## Task item
Retype, word for word, only the lines from the one containing "有了這個根基,2022年,華" through the last line of the listing below. Pictures do not belong in the result.

## Available data
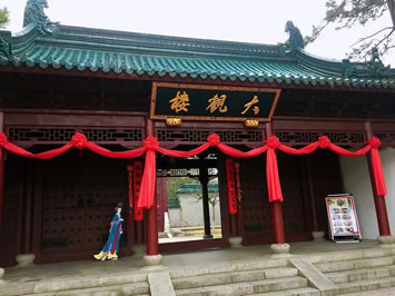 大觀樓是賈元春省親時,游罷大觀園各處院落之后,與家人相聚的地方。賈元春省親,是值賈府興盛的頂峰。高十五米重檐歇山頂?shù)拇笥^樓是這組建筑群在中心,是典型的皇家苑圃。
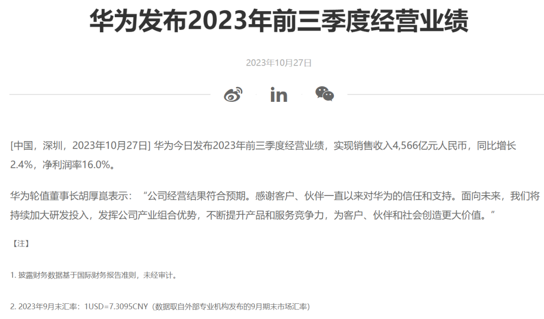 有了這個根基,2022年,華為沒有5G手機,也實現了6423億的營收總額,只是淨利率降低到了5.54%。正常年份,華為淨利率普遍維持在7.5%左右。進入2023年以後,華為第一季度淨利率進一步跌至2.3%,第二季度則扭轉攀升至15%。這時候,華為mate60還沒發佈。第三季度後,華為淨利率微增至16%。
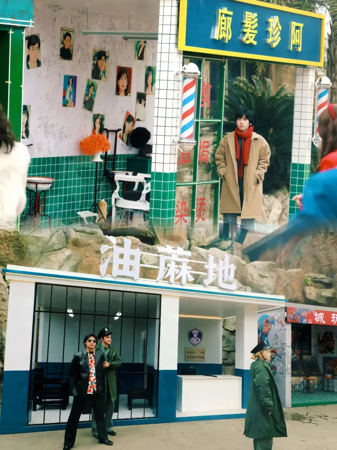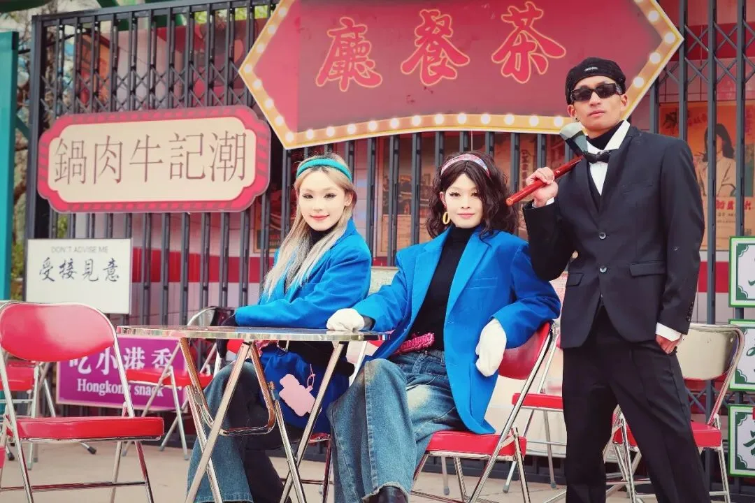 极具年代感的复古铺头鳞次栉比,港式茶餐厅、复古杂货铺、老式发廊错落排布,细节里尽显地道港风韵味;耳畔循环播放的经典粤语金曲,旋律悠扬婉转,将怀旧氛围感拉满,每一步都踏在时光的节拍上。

## Exercise answer
 有了這個根基,2022年,華為沒有5G手機,也實現了6423億的營收總額,只是淨利率降低到了5.54%。正常年份,華為淨利率普遍維持在7.5%左右。進入2023年以後,華為第一季度淨利率進一步跌至2.3%,第二季度則扭轉攀升至15%。這時候,華為mate60還沒發佈。第三季度後,華為淨利率微增至16%。
 极具年代感的复古铺头鳞次栉比,港式茶餐厅、复古杂货铺、老式发廊错落排布,细节里尽显地道港风韵味;耳畔循环播放的经典粤语金曲,旋律悠扬婉转,将怀旧氛围感拉满,每一步都踏在时光的节拍上。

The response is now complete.